Tobacco farmers in Virginia were expected to harvest about 19,800 acres of tobacco this season, including flue-cured, burley and fire-cured varieties, down only slightly from the 20,150 acres harvested in 2009, according to U.S. Department of Agriculture estimates. Final numbers are expected in January.
The decline is far less than some farmers and industry observers predicted earlier this year when tobacco companies started offering contracts to farmers for the 2010 season.
Some had expected a drop in production of as much as 10 percent as cigarette makers cut back on leaf buying because of declining U.S. cigarette consumption and a 62-cents-per-pack increase in the federal excise tax on cigarettes that took effect in 2009.
The latest estimates indicate some farmers may have been growing tobacco this year on speculation that they would find a buyer, and some may have signed secondary contracts with tobacco companies, enabling them to grow more tobacco but at lower prices than those offered in primary contracts.
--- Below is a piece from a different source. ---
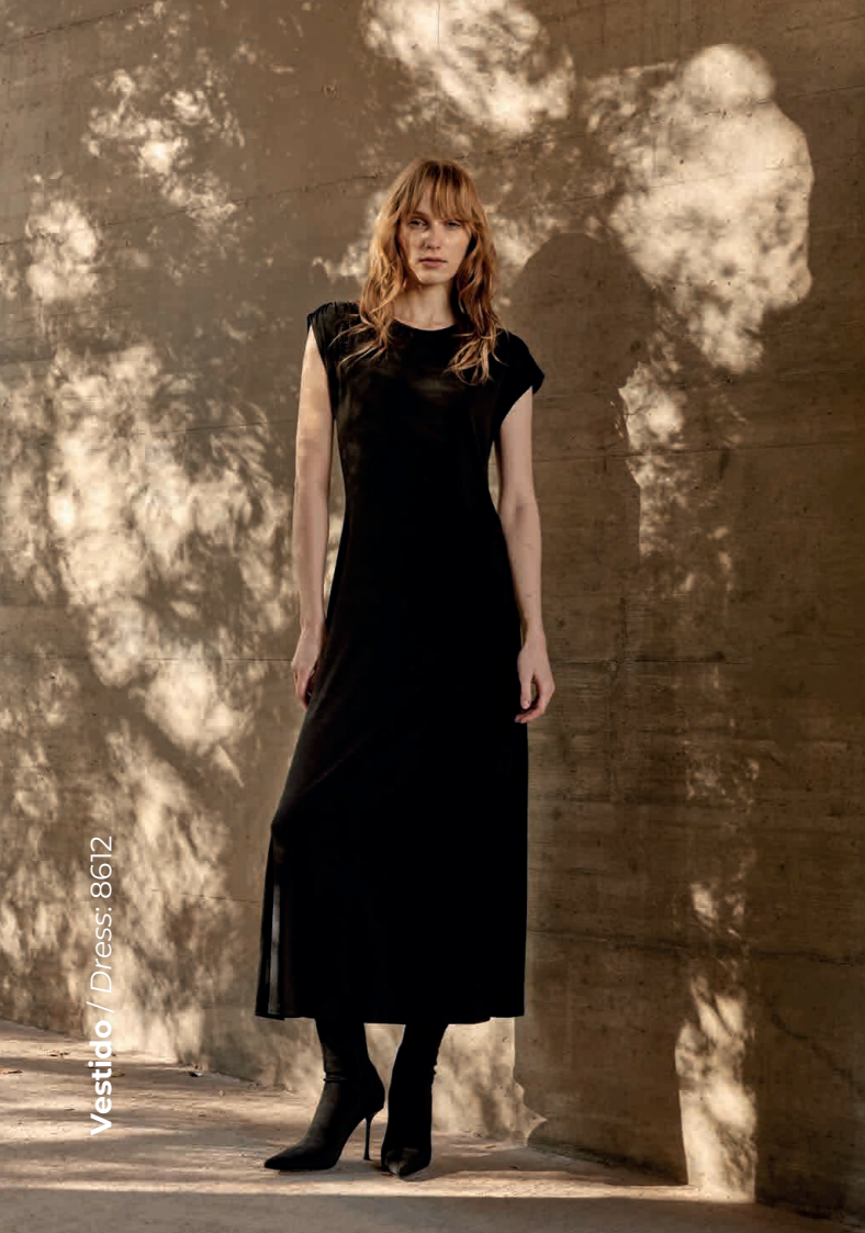
Vestido / Dress: 8612

Tobacco production remains well below the nearly 29,000 acres that farmers in Virginia harvested in 2004, the year that Congress ended a 70-year-old federal supplyand price-control program for the crop.
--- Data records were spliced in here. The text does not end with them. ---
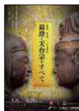
特別展 伝教大師1200年 大遠忌記念 「最澄と天台宗のすべて」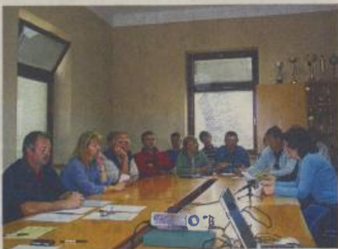
Udeleženci okrogle mize o športni vzgoji.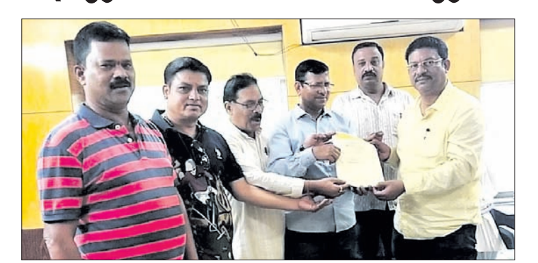
ସିଦ୍ଧି ଯୋଗାଯୋଗ ପକ୍ଷରୁ ଦାବିପତ୍ର ପ୍ରଦାନ କରାଯାଇଛି।

Production in Virginia has held between about 17,000 acres and 21,000 acres for five years now, after many farmers left the business and took payments from an industry-funded $10 billion buyout of tobacco quotas.
The subsequent shift away from auction sales of tobacco to contract sales directly to cigarette companies and leaf merchants means that the farmers who remain are facing new demands.
“The quality is by far the most important thing,” said Sterling Wilkinson, a 25-year-old Mecklenburg County farmer who raises 280 acres of tobacco. “It is becoming more and more important every year.”
At the Philip Morris USA tobacco receiving station in Danville, graders closely inspect every bale that moves through the sales process.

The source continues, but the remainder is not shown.